I just spoke with the site owner and he has told me that the https://intelligenteconomist.com cert was setup by another developer and I’m not sure how he went about doing that nor do I know where to look in my server configuration in order to find that setup.

https://prateekargarwal.com was setup by the site owner using this tutorial: https://www.digitalocean.com/community/tutorials/how-to-secure-apache-with-let-s-encrypt-on-ubuntu-16-04

However, this server no longer uses apache and instead uses nginx virtual hosts.

http://campusnow.com, https://intelligenteconomist, and http://psons.com are all located in my /etc/letsencrypt/live folder as well.

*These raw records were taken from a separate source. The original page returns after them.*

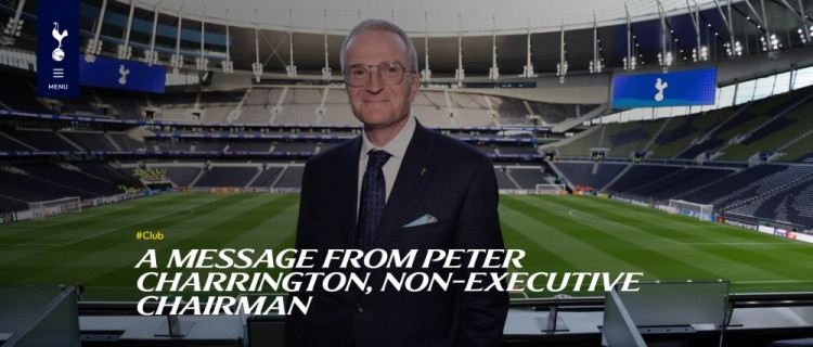 直播吧9月27日讯热刺新任非执行主席皮特-查林顿发表致热刺球迷的一封信。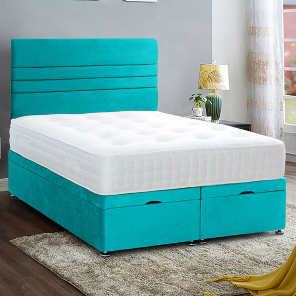 Eleganza Home Napster King Size Teal Plush Velvet Divan Ottoman Bed with Lined Headboard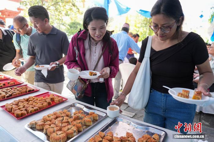 9月23日,尼泊爾中國文化中心在加德滿都舉行中秋主題活動,尼泊爾友人挑選多種口味的中式月餅。 中新社記者 崔楠 攝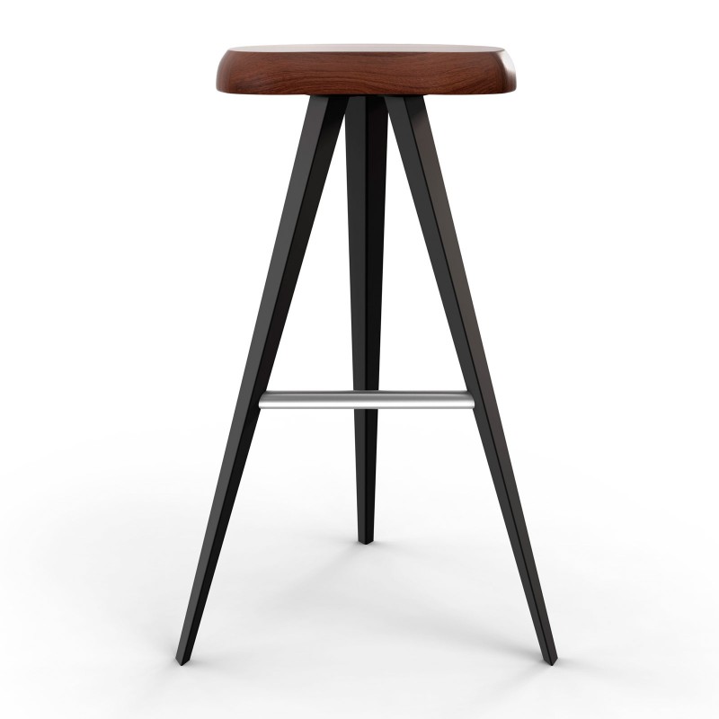 The Mexique stool is part of the homonymous collection designed by Charlotte Perriand and has been re-edited by Cassina. The solid wood seat has vaguely organic shapes in contrast with the geometric structure of the legs in matt anthracite-painted metal. Mexique is also included in the brand's Pro collection, dedicated to the contract world.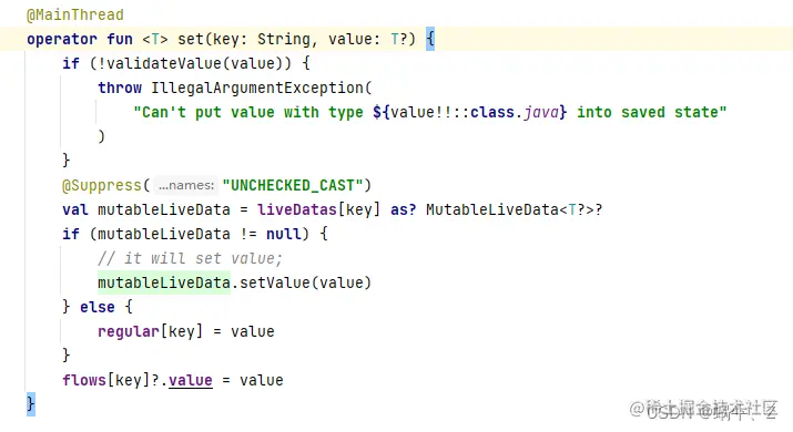 通过数据保存,我们会发现,set的时候没有LiveData类型,那是因为在set的方法时,会对livedata集合进行单独处理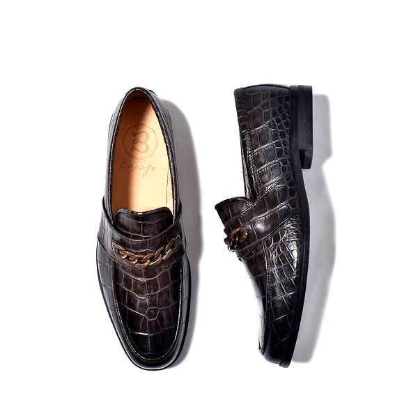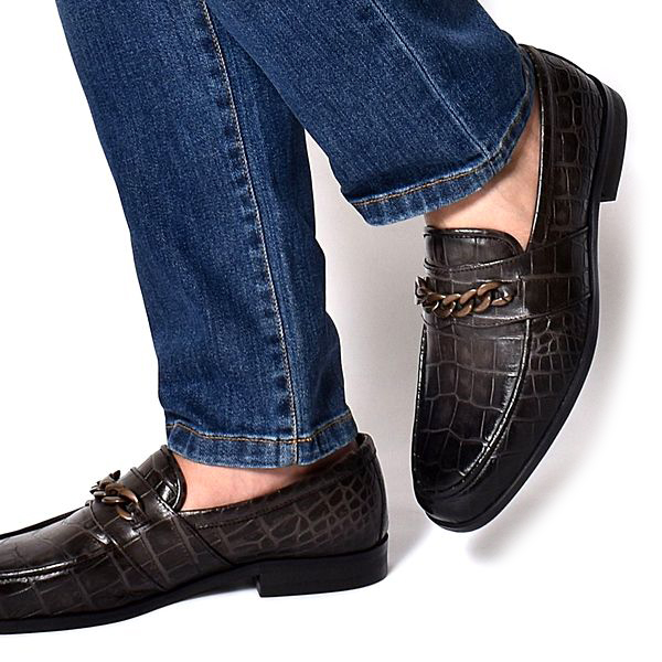 | 今回ご紹介するのは、チェーンビットが圧倒的な存在感のローファー。本体全面にクロコ模様をプレスした迫力満点の国産天然皮革を採用し、爪先は皮革専用クリームで光沢を纏わせたハイレベルなレザーローファー。ズッシリ重厚感のあるチェーン金具がワイルドさと男らしさも彷彿とさせる。ドレッシーなスーツスタイルは勿論の事、都会的なジーンズスタイルに合わせてもマッチする。内部にもこだわり柔らかさとクッション性に優れているので長時間歩いても疲れない。まるでスニーカーのようなはき心地を再現している。カジュアル化の一途を辿る大人ファッションにもチェーンローファーはオススメです。 ■カラー/ダークアッシュ ※サイズは多少の誤差はご容赦ください。 ※モニターによって色の見え方が異なる場合があります。 ※商品によって柄の出方が異なる場合がございます。 ※ご注文いただいた商品のクロコ模様と、写真のクロコ模様の大きさや位置が完全一致する訳ではございません。 裁断の取り都合により模様が異なる場合がございますが予めご了承いただきますようお願い申し上げます。 ※全ての革製品は合皮ではなく天然の素材を使用しております。 そのため、しわ、色むら、傷などそれぞれに個体差があり 全て均一の商品はございません。天然革の本来の魅力、味としてご理解お願いいたします。 上記の理由での返品は出来かねますので 何卒ご理解の上ご購入くださりますようお願い申し上げます。 |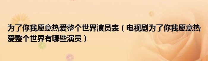 大家好,伊人来为大家解答以上问题。为了你我愿意热爱整个世界演员表,电视剧为了你我愿意热爱整个世界有哪些演员很多人还不知道,现在让我们一起来看看吧!

schoen · March 14, 2017, 6:27pm

Maybe grep -lr intelligenteconomist /etc/nginx ?

lendoza · March 14, 2017, 6:37pm

That returned /etc/nginx/sites-enabled/intelligenteconomist.com.conf which I set up using the aforementioned nginx/ubuntu/digital-ocean method

server {
    listen 80;
    server_name intelligenteconomist.com www.intelligenteconomist.com
    return 301 https://$host$request_uri;
}

server {

    listen 443 ssl;

    server_name intelligenteconomist.com www.intelligenteconomist.com;
    return 301 https://$server_name$request_uri;

    ssl on;
    ssl_certificate  /etc/letsencrypt/live/intelligenteconomist.com/fullchain.pem;
    ssl_certificate_key  /etc/letsencrypt/live/intelligenteconomist.com/privkey.pem;

    sl_protocols TLSv1 TLSv1.1 TLSv1.2;
    ssl_prefer_server_ciphers on;
    ssl_ciphers 'ECDHE-RSA-AES128-GCM-SHA256:ECDHE-ECDSA-AES128-GCM-SHA256:ECDHE-RSA-AES256-GCM-SHA384:E$
    ssl_session_timeout 1d;
    ssl_session_cache shared:SSL:50m;
    ssl_stapling on;
    ssl_stapling_verify on;
    add_header Strict-Transport-Security max-age=15768000;
}

system · April 13, 2017, 6:38pm

This topic was automatically closed 30 days after the last reply. New replies are no longer allowed.